Clinton to Kofi: Maybe Put a Timeline on Your Peace Process?

Secretary of State Hillary Clinton lashed out at Syria for not accepting Kofi Annan’s peace plan as the “Friends of Syria” conference in Istanbul this weekend urged the former U.N. secretary-general to attach a timetable to the plan.


Syrian President Bashar Assad promised Annan last week that his government would abide by the peace plan, which includes a U.N.- supervised ceasefire, pulling out soldiers and heavy weapons from cities, the release of pro-democracy activists who have been detained and tortured, access for humanitarian aid to be delivered, and free movement for journalists.

“Rather than pulling back, Assad’s troops have launched new assaults,” Clinton said in Turkey. “Rather than allowing access for humanitarian aid, they have tightened their siege. And rather than beginning a political transition, the regime has crushed dozens of peaceful protests.”
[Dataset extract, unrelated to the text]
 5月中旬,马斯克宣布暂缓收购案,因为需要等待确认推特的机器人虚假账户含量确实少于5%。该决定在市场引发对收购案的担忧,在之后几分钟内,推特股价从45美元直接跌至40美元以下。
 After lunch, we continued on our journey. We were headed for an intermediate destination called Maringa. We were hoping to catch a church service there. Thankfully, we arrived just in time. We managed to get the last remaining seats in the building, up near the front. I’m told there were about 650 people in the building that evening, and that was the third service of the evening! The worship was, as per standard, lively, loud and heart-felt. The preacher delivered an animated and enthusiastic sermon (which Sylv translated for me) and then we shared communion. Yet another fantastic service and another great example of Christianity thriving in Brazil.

Opposition activists have reported that Assad is continuing his assault, with six killed so far today.

“We can only conclude that Assad has decided to add to his long list of broken promises,” Clinton said. “So today, we called for an immediate end to the killing in Syria, and we urged the Joint Special Envoy Kofi Annan to set a timetable for next steps. The world will not waver. Assad must go.”


Annan is supposed to brief the U.N. Security Council on the non-progress of his peace plan today. He faces pressure not only from Clinton but the entire “Friends of Syria” conference of 83 nations.

“The window of opportunity for the regime to implement its commitments to Joint Special Envoy Annan is not open-ended,” the group said in a statement. “The Friends’ Group called upon the Joint Special Envoy to determine a timeline for next steps, including a return to the UN Security Council, if the killing continues.”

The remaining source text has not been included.